The translation of over 800 pages, a Herculean task to be sure due to the length and the technical nature of the contributions, is workmanlike, but unfortunately often leaves much to be desired, whether in accuracy or idiom. The translator, Andrew Campbell Halavais, is a professional translator but does not have an extensive background in classical studies or archaeology, leading to outright errors (rare) or unwieldy or obscure language (more frequent). In addition to strange expressions such as “archaeologically credited streets” (p. 51; the Italian is “strade attestate”), there are several inscrutable expressions. For example, on p. 113 the Italian “per introdurre nel corso dal tempo nel suo repertorio forme chiuse normalmente assenti tra il vasellame africano esportato” has become “and then [they] introduced new, closed shapes that were usually not germane to the exported African wares.” On p. 37 we find, “Drastic transformations (like that…of the Domus Aurea) may occur by way of blackouts or ambitious urban projects, but these upheavals are rare…” for “le quali implicano oscuramenti improvvisi e un progetto urbano”—the loss of “unexpected” and the obscure “blackouts” (surely “sudden eradication” here given the reference to the Domus Aurea) makes it difficult to understand what is meant here unless one can divine the Italian original. The most egregious error that I spotted was the surprising statement that (p. 123) “Cicero recalls that as a young man in Corinth in AD 20 he was more moved by the locals…”. It hard to understand how the translator got this from “nel primo ventennio del I secolo a.C,” or worse, how it slipped past the editorial staff, unless those who proofread the copy likewise did not have a background in classical studies. In several places the Latin, too, has been corrupted, and on occasion citations of tables in the narrative are mistaken.3 The rationale for an English edition must have been primarily to bring the essays and maps to an English-speaking audience, but scholars will probably be best served to have the original Italian edition at their fingertips.

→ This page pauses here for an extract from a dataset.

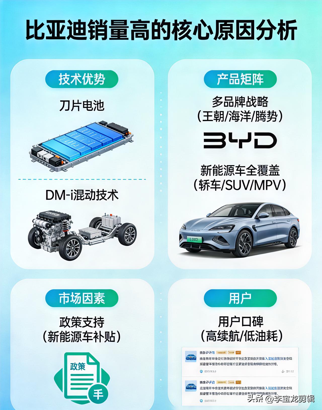 不少人随口一句“不就是便宜吗”,就否定了它所有的实力。但真正开过、用过的人都清楚,比亚迪能常年稳坐销冠,绝不是靠低价这么简单。 今天抛开所有偏见,掰开揉碎跟大家聊聊,比亚迪到底凭什么,能让这么多车主心甘情愿买单。 每次刷到比亚迪的销量数据,都忍不住感叹:这销量也太能打了!连续多月蝉联新能源销冠,纯电车型在全球市场也拥有很强竞争力,连欧洲市场都收获了大量消费者认可。很多人说“不就是便宜吗”,其实真没那么简单,今天就掰开揉碎了说,比亚迪到底凭什么这么火。 首先,比亚迪最牛的是全产业链闭环,这才是它的护城河。从上游锂矿、电池材料,到核心的刀片电池、电机、电控、车规级芯片,再到整车制造,比亚迪核心零部件自研自产率很高。别小看这一点,它意味着成本能自己说了算,供应链不受别人卡脖子,技术迭代也能更快。就拿刀片电池来说,自产率高,既保证了安全性,又能把成本控制得更合理,这是很多车企想学都学不来的。 其次,技术上是真有硬实力,不是吹出来的。 刀片电池:通过了针刺、挤压等极端测试,安全性有口皆碑,闪充表现也很亮眼,续航表现也处在行业不错的水平。 DM-i混动:这才是比亚迪的“杀手锏”,直接解决了用户的里程焦虑。市区亏电油耗表现友好,一公里花费不高,开着跟电车一样平顺,又没有续航顾虑。而且比亚迪在混动领域的专利储备充足,技术实力摆在这。 闪充技术:充电效率表现出色,很大程度缓解了很多人对电动车充电慢的顾虑。 第三,产品矩阵太全了,总能找到适合你的那一款。从亲民价位的代步车型,到中高端的家用、豪华车型,从轿车、SUV到MPV,从纯电到混动,覆盖了几乎所有细分市场和消费群体。想买代步车?有高性价比车型可选;想家用?空间、配置都能满足;想高端?也有对应的车型能兼顾体验与质感。这种“全覆盖”的能力,没几个车企能做到。 第四,太懂咱们国人的用车需求了。主流价位的车型,大屏、全景影像、智能语音、驾驶辅助、大空间、扎实的内饰用料,这些配置大多都有配备,家用出行舒适度拉满。而且保养维修成本友好,混动车型市区油耗表现不错,纯电车型日常用电成本低,长期用车很省心。 还有一个容易被忽略的点,就是用户口碑真的好。不少车主会选择复购,意味着很多比亚迪车主,会再次选择它。网约车市场占比也很高,很多司机长期行驶也少有大修情况,皮实耐用的形象深入人心。这种口口相传的信任,比任何广告都管用。 最后,比亚迪的全球化布局也在加速。海外出口表现亮眼,欧洲、东南亚、南美市场都收获不错的销量。这说明比亚迪的产品力不仅能打动国内消费者,在国际市场上也有竞争力,正在让更多人看到中国车企的实力。 其实我觉得,比亚迪的成功不是偶然,也不是靠低价,而是靠技术+成本+产品+口碑的综合实力。它用自己的方式证明了,中国车企不仅能造好车,还能造出让世界认可的好车。 你身边有比亚迪车主吗?他们都怎么评价?你觉得比亚迪最吸引你的是什么?欢迎在评论区聊聊~

All told, this is an important and beautiful book, one worthy of the immense labor that has gone into collating and georeferencing all of the data from ancient sources, from the topographical work of earlier scholars, and from past and ongoing archaeological excavations. We greatly anticipate the release of the online version of the map and plans, which will at last fulfill Carandini’s vision of allowing us to see the entirety of the ancient city. In the meantime, we should be thankful for the immense work that has gone into this book, a book that by its very nature opens itself up to criticism. That the editors are willing to receive feedback—we are invited to send feedback to them at atlantediroma@uniroma1.it on p. 52—is a welcome sign that the ongoing project will continue to seek out the most accurate possible view of ancient Rome.

Notes

1. A clear and scalable map can be viewed at the collaborative work of MappingRome.

2. For reviews in English see T. P. Wiseman, “The Palatine, from Evander to Elegabalus,” JRS 103 (2013) 234–68, J. E. Packer, “The Atlante: Roma antica revealed,” JRA 26 (2013) 553–61.

3. Some examples from the first 20o pages: p. 71 evocentur has become evocetur; p. 117 casas seu tuguria has become casas sue…; p. 126 villarumque has become villrumque; p. 136 “table XVII 16” should read “table XVII 15;” p. 169 tribunal pretoris (see also the loss of the diphthongs in Table 200); p. 171 augurium maximus. I also encountered other surprises such as dolii instead of dolia (110), apis gabinus for lapis gabinus (132), Caelium hill for Caelian hill (137), aruspices and Vejovis (165).